- ASSIGNMENT -
Restate word for word the opening line of the data below and every line after it until the line with "PANERAI LUMINOR GMT", that line too, but not the pictures.

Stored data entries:
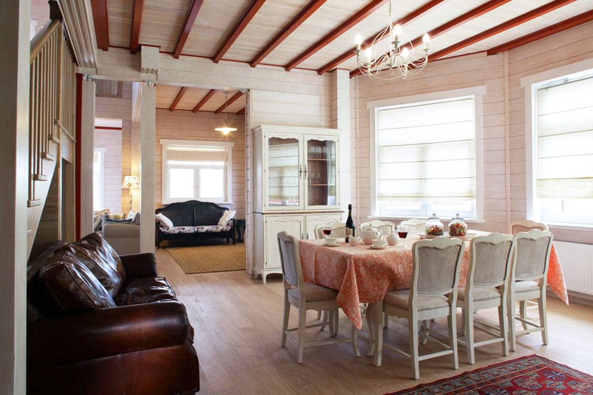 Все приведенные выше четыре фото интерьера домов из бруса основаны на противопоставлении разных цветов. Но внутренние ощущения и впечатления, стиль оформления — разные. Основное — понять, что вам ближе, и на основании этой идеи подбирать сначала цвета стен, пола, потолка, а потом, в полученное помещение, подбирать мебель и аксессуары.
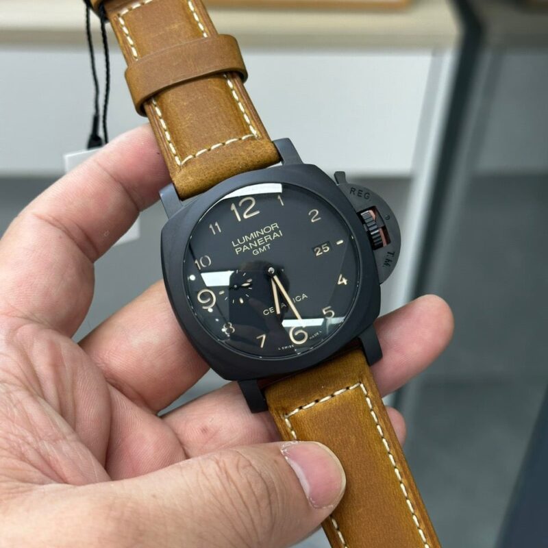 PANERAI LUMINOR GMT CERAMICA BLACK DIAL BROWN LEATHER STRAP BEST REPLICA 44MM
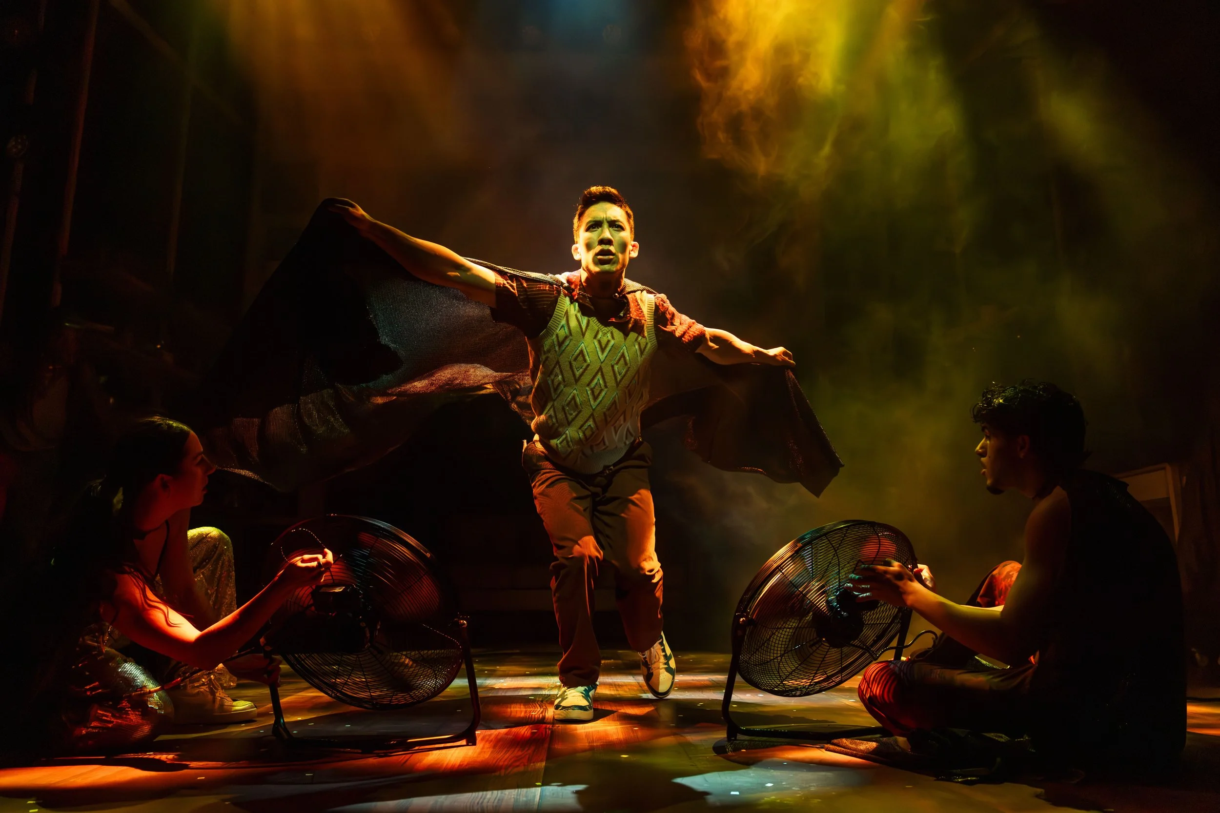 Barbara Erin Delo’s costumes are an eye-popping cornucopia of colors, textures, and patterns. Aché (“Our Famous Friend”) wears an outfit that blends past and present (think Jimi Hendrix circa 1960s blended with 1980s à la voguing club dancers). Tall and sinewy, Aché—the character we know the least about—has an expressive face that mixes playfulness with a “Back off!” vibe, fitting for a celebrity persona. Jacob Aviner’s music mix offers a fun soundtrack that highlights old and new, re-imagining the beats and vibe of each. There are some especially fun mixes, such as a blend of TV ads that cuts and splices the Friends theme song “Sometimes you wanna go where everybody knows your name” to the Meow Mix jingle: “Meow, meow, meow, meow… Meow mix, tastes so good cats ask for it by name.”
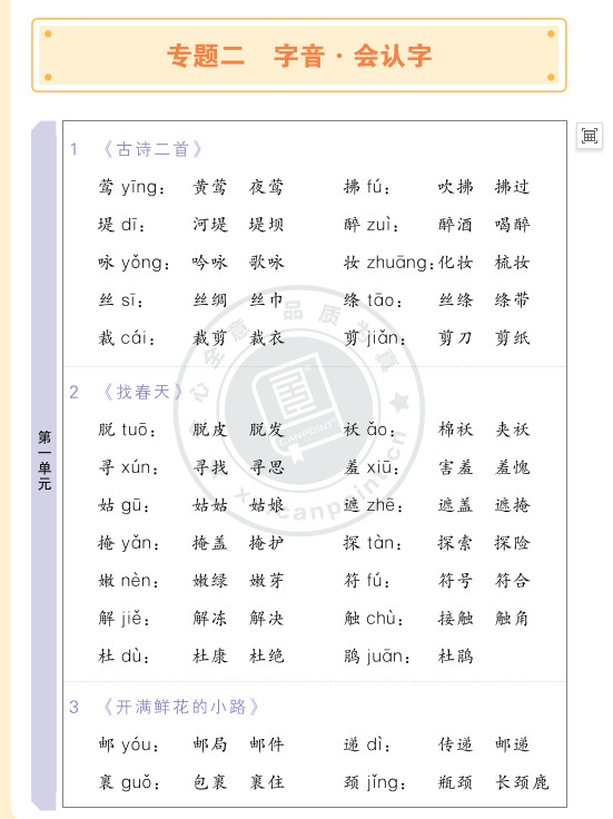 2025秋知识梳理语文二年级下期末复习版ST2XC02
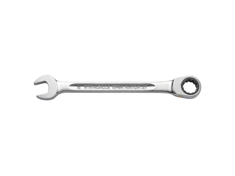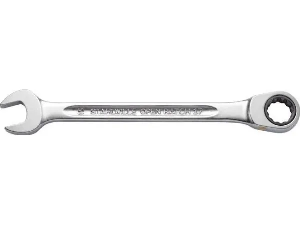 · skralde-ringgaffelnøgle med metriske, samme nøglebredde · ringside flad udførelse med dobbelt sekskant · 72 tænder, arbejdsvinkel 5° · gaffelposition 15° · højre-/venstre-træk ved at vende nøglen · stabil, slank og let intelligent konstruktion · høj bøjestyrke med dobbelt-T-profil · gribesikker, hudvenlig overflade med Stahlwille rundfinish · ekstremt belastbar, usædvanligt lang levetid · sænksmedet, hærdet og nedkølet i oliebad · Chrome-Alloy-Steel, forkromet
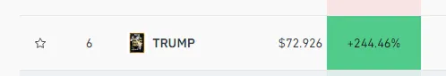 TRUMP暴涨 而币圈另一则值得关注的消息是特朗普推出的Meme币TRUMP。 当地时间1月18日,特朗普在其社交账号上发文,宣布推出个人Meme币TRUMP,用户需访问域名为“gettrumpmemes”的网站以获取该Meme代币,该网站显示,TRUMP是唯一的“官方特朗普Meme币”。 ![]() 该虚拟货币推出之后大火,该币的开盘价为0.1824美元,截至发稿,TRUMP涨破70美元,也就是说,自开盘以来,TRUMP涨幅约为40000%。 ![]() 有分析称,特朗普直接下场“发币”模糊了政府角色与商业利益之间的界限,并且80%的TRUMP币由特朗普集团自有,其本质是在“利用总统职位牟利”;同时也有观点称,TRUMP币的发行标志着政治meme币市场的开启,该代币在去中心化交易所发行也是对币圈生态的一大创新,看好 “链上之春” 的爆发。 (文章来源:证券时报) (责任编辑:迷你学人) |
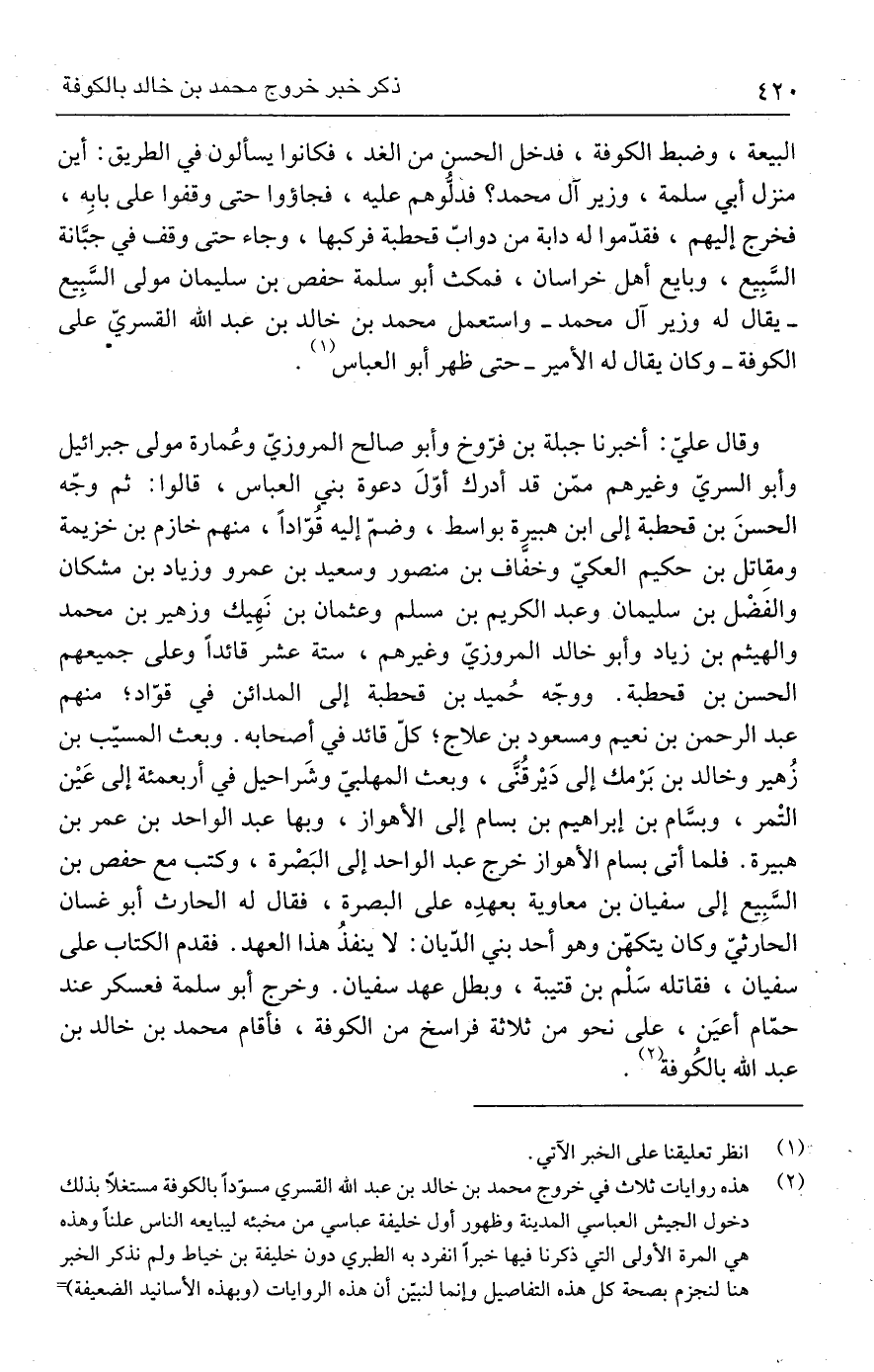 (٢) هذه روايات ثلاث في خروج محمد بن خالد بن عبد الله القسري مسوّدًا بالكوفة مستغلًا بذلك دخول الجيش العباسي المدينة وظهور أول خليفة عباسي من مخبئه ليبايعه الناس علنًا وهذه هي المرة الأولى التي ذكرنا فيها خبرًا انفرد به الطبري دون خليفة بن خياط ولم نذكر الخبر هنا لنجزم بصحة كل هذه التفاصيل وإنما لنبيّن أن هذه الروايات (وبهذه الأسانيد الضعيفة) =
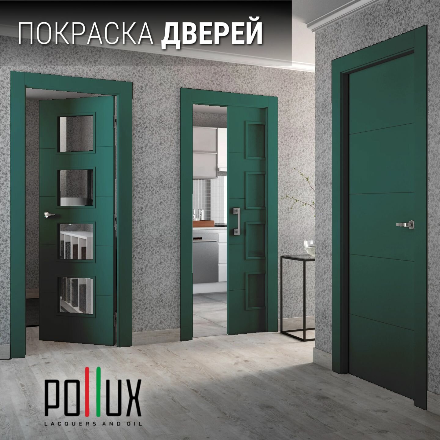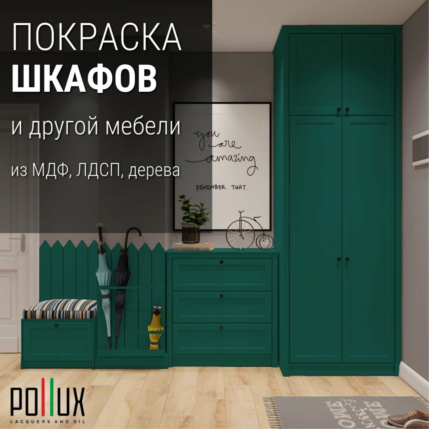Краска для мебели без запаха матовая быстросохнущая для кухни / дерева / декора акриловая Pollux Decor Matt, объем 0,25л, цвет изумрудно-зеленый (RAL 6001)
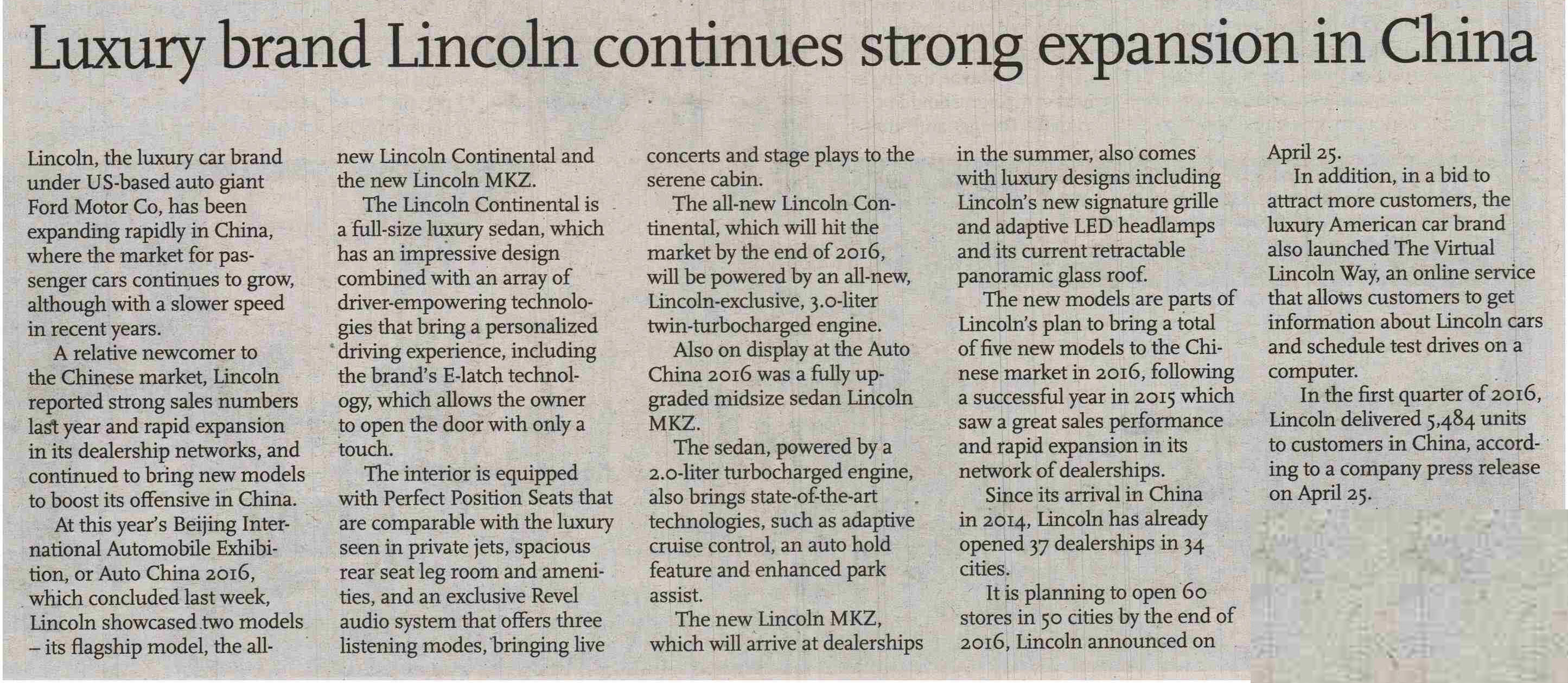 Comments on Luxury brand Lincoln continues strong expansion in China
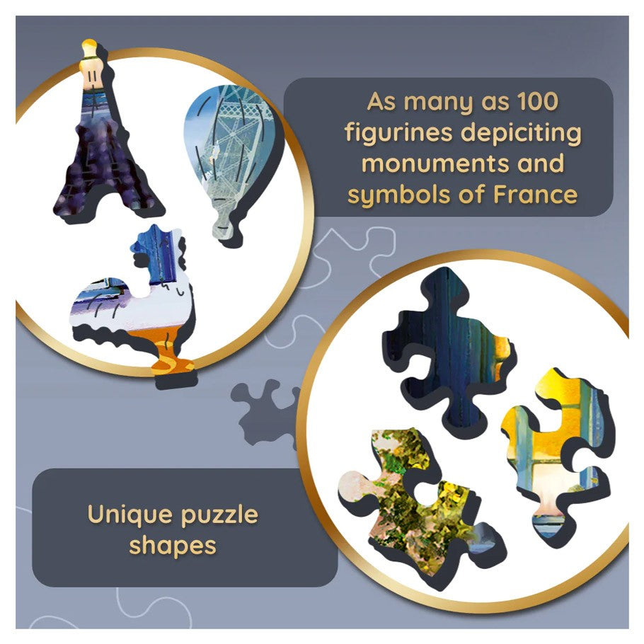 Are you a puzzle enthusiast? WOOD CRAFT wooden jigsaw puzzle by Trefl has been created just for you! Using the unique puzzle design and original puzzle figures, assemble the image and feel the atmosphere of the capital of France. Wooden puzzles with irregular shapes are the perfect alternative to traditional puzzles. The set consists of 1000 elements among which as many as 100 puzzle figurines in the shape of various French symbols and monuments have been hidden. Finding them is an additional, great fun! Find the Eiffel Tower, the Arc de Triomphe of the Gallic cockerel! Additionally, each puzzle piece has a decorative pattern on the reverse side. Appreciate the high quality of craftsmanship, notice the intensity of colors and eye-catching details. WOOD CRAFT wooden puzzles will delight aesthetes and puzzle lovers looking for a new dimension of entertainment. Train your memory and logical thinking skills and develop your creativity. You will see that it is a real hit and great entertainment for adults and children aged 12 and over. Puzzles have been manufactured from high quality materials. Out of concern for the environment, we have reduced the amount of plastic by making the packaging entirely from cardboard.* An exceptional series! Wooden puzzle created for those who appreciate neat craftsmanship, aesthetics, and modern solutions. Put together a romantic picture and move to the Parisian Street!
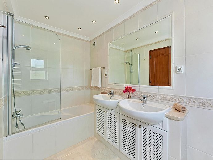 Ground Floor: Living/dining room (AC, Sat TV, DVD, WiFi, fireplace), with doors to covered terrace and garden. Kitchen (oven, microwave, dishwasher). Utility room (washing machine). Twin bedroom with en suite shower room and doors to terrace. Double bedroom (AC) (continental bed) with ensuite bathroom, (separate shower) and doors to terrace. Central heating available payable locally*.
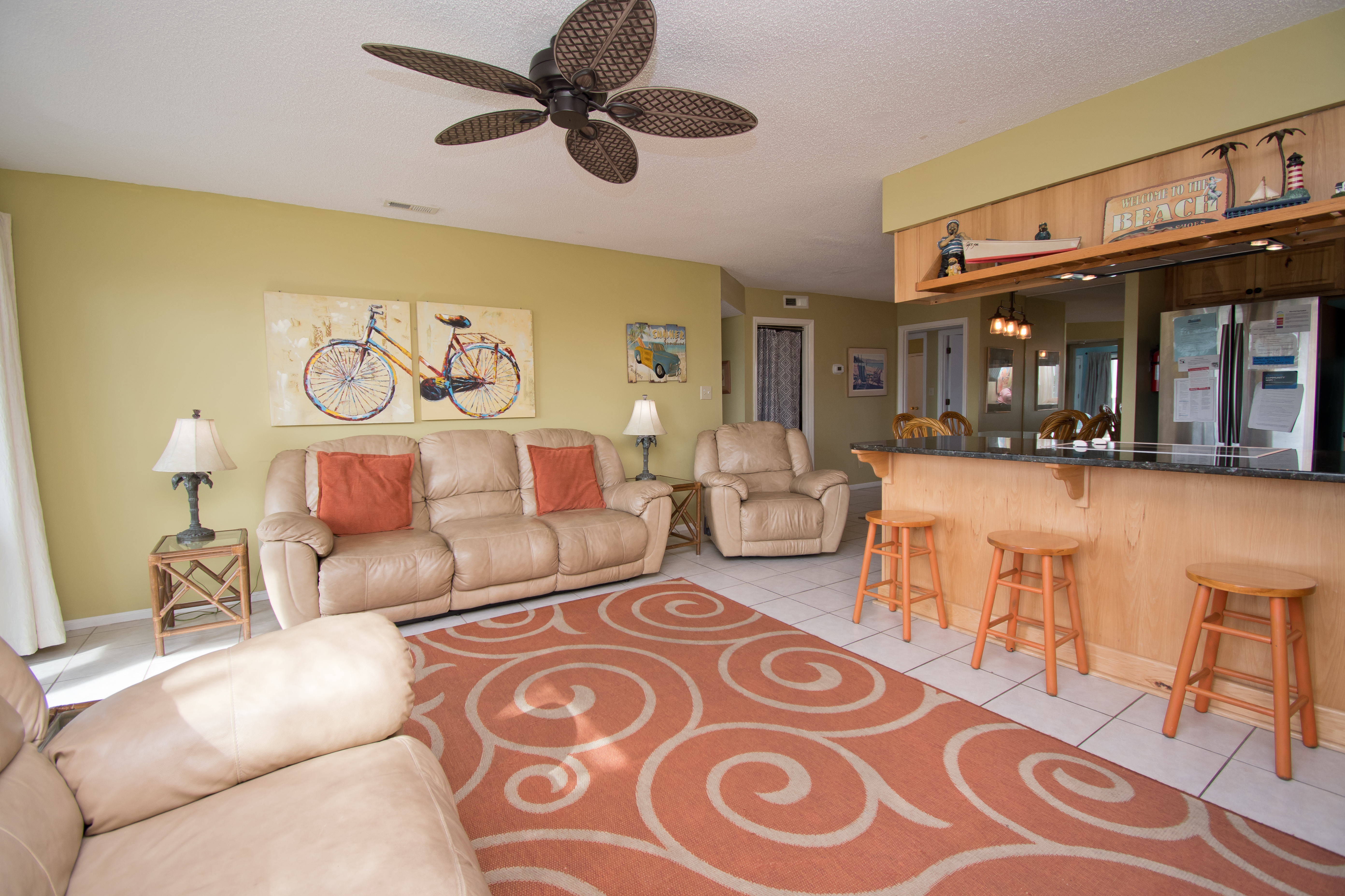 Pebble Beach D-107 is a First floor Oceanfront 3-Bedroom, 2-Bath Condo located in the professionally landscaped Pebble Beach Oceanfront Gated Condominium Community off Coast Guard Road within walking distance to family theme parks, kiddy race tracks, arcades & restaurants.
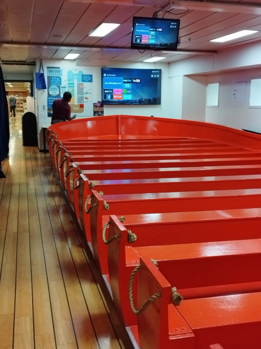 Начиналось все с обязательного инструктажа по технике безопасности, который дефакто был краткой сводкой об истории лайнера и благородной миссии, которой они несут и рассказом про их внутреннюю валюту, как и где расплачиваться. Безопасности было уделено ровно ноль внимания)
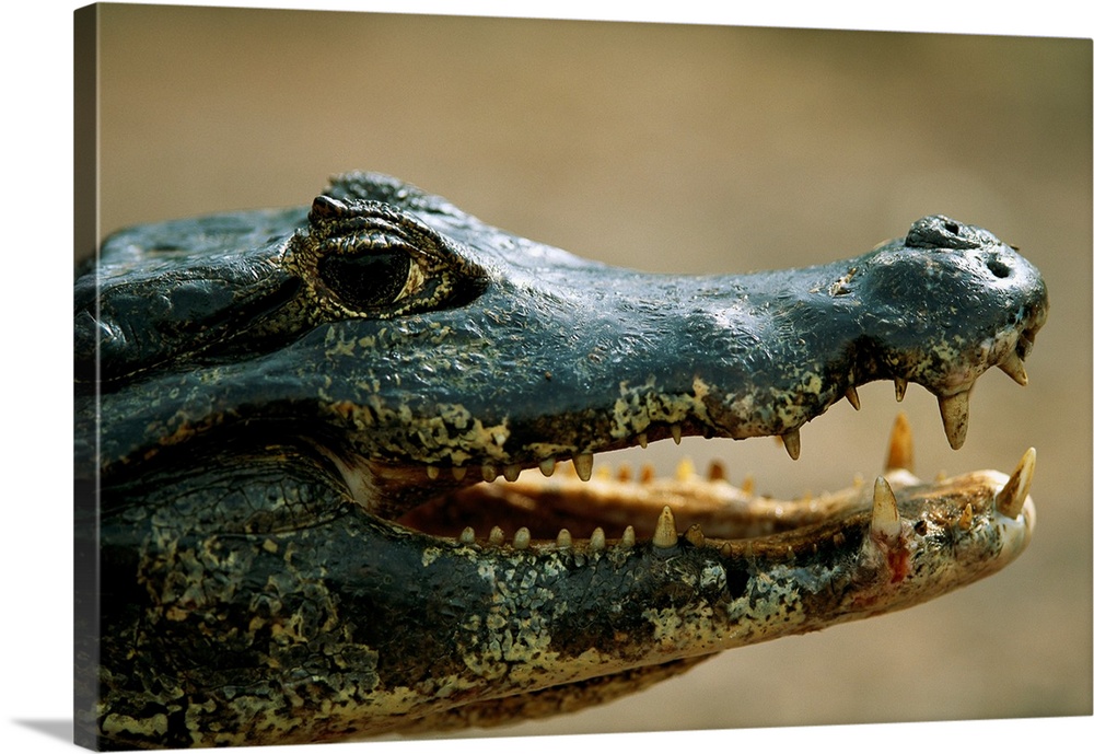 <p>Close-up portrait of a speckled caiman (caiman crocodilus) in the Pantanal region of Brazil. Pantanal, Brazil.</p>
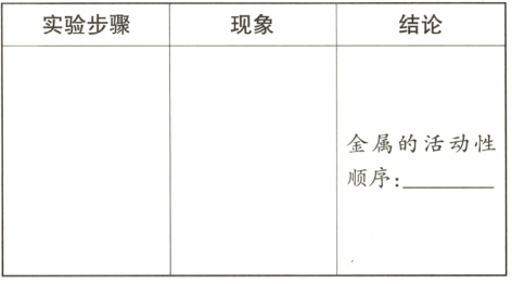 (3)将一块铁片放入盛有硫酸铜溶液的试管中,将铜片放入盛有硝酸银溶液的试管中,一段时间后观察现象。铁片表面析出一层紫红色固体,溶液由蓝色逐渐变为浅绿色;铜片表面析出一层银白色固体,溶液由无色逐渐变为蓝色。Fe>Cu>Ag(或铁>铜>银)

- SOLVED PROBLEM -
 Все приведенные выше четыре фото интерьера домов из бруса основаны на противопоставлении разных цветов. Но внутренние ощущения и впечатления, стиль оформления — разные. Основное — понять, что вам ближе, и на основании этой идеи подбирать сначала цвета стен, пола, потолка, а потом, в полученное помещение, подбирать мебель и аксессуары.
 PANERAI LUMINOR GMT CERAMICA BLACK DIAL BROWN LEATHER STRAP BEST REPLICA 44MM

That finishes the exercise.